In Roman mythology, Pyramus and Thisbe (Πύραμος καὶ Θίσβη) are a pair of ill-fated lovers from Babylon, whose story is best known from Ovid's narrative poem Metamorphoses. The tragic myth has been retold by many authors.

Pyramus and Thisbe's parents, driven by rivalry, forbade their union, but they communicated through a crack in the wall between their houses. They planned to meet under a mulberry tree, but a series of tragic misunderstandings led to their deaths: Thisbe fled from a lioness, leaving her cloak behind, which Pyramus found and mistook as evidence of her death. Believing Thisbe was killed by the lioness, Pyramus died by suicide, staining the mulberry fruits with his blood. Thisbe, upon finding Pyramus dead, also killed herself. The gods changed the color of the mulberry fruits to honor their forbidden love.

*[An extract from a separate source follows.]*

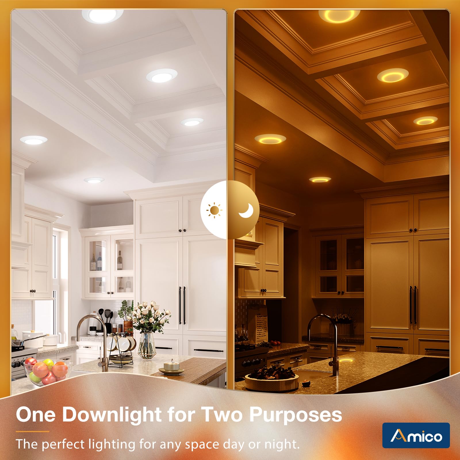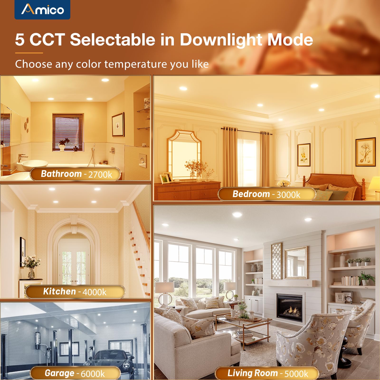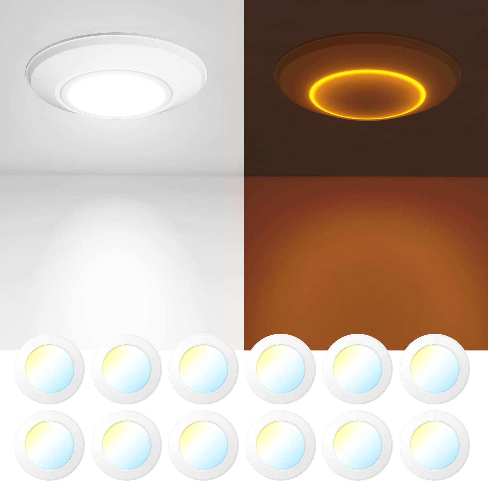 Amico 12 Pack 5CCT 5/6 Inch LED Disk Lights with Night Light, Dimmable Flush Mount Ceiling Disc Light, 2700K-6000K Selectable 12W Eqv 110W, 1050LM,Low Profile Surface Mount Ceiling Lights, ETL&FCC
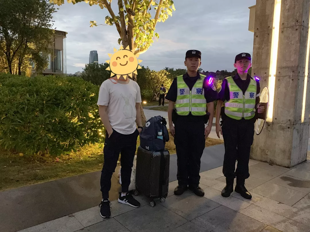 10月6日,深圳市公安局福田分局機(jī)動(dòng)訓(xùn)練大隊(duì)摩托車中隊(duì)隊(duì)員楊斌、翁紹允在巡邏途中發(fā)現(xiàn)一個(gè)行李箱和一個(gè)書(shū)包無(wú)人認(rèn)領(lǐng),他們便在原地等待失主,約半小時(shí)后失主前來(lái)認(rèn)領(lǐng)行李,在核實(shí)失主身份后物歸原主,失主表示衷心感謝。

Ovid's version is the oldest surviving account, but the story is likely to have originated from earlier myths in Cilicia. The tale has been adapted in various forms, inspiring works such as Shakespeare's Romeo and Juliet and A Midsummer Night's Dream, as well as modern adaptations in literature, opera, and popular culture. The story is depicted in works of art from ancient Roman mosaics to Renaissance paintings.

== Mythology ==
=== Ovid ===
Pyramus and Thisbe are two lovers in the city of Babylon who occupy connected houses. Their respective parents, driven by rivalry, forbid them to wed. Through a crack in one of the walls they whisper their love for each other. They arrange to meet near a tomb under a mulberry tree and state their feelings for each other. Thisbe arrives first, but upon seeing a lioness with a bloody mouth from a recent kill, she flees, leaving behind her cloak. When Pyramus arrives, he is horrified at the sight of Thisbe's cloak: the lioness had torn it and left traces of blood behind, as well as its tracks. Assuming that a wild beast had killed her, Pyramus kills himself, falling on his sword, a typical Babylonian way to commit suicide, and in turn splashing blood on the white mulberry leaves. Pyramus' blood stains the white mulberry fruits, turning them dark. Thisbe returns, eager to tell Pyramus what had happened to her, but she finds Pyramus' dead body under the shade of the mulberry tree. Thisbe, after praying to their parents and the gods to have them buried together and a brief period of mourning, stabs herself with the same sword. In the end, the gods listen to Thisbe's lament, and forever change the color of the mulberry fruits into the stained color to honor forbidden love. Her wish to be buried together with Pyramus is also granted; the lovers' ashes are preserved in one urn. Pyramus and Thisbe are models of love that is faithful to the very end.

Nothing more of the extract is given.